FIG. 4 is a partially enlarged cross-sectional view schematically showing an arrangement mode of another apparatus for carrying out the method of the present invention.

FIG. 5 is a partially enlarged cross-sectional view schematically showing an arrangement mode of yet another apparatus for carrying out the method of the present invention.

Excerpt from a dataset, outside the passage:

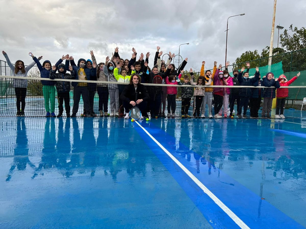 Ο Τσιτσιπάς παίζει με τα παιδιά στο Αρκαλοχώρι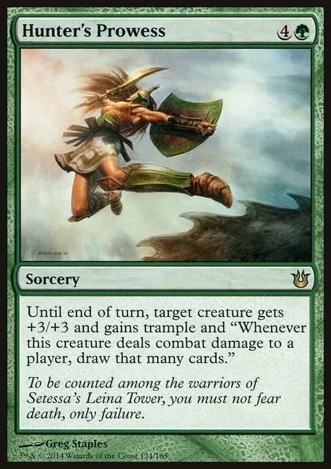 Until end of turn, target creature gets +3/+3 and gains trample and "Whenever this creature deals combat damage to a player, draw that many cards."

FIG. 6 is a schematic diagram showing the flow of water in a general cooling tower.

[Explanation of symbols]

 T: Cooling tower B: Cooling water pit Pr: Circulating pump C: Heat exchanger Qr: Circulating water N ...・ ・ Sprinkling pipe Pm ・ ・ ・ ・ ・ ・ Filler layer L ・ ・ ・ ・ Louver S ・ ・ ・ ・ Space F ・ ・ ・ ・ ・ ・ Fan Qm ・ ・ ・ ・ Makeup water 1 ・ ・・ ・ ・ Net-like items 2 ・ ・ ・ Strip-like items 3 ・ ・ ・ ・ Futon-like items

─────────────────────────────────────────────────── ─── Continuation of the front page (51) Int.Cl. ⁶ Identification code Internal reference number FI technical display area F28F 25/04

Claims (8)

[Claims] 1. A method of deionizing circulating water of a cooling tower with a resin or fiber having an ion exchange function, which comprises immersing the resin or the fiber in a cooling water pit of the cooling tower. A method characterized in that the ion concentration of the cooling water is maintained below a certain value. 2. The method according to claim 1, wherein the resin is contained in a net-like material. 3. The method of claim 1, wherein the fibers are strip-shaped. 4. A method for deionizing circulating water of a cooling tower with a resin or fiber having an ion exchange function, the resin or the fiber being formed in a lower end of a packed bed of the cooling tower and a cooling water pit. A method for maintaining the ion concentration of cooling water at a certain value or less by disposing the cooling water at a level below the liquid level. 5. The method according to claim 4, wherein the resin is contained in a net-like material, and a plurality of the net-like materials are hung in a blind shape. 6. The method according to claim 4, wherein the fiber is a strip-shaped product, and a plurality of the strip-shaped products are hung in a blind shape. 7. The method according to claim 4, wherein the resin is contained in a dish-like container having a water-permeable bottom surface. 8. The method according to claim 4, wherein the fiber is a futon-like material made of a non-woven fabric containing the fiber.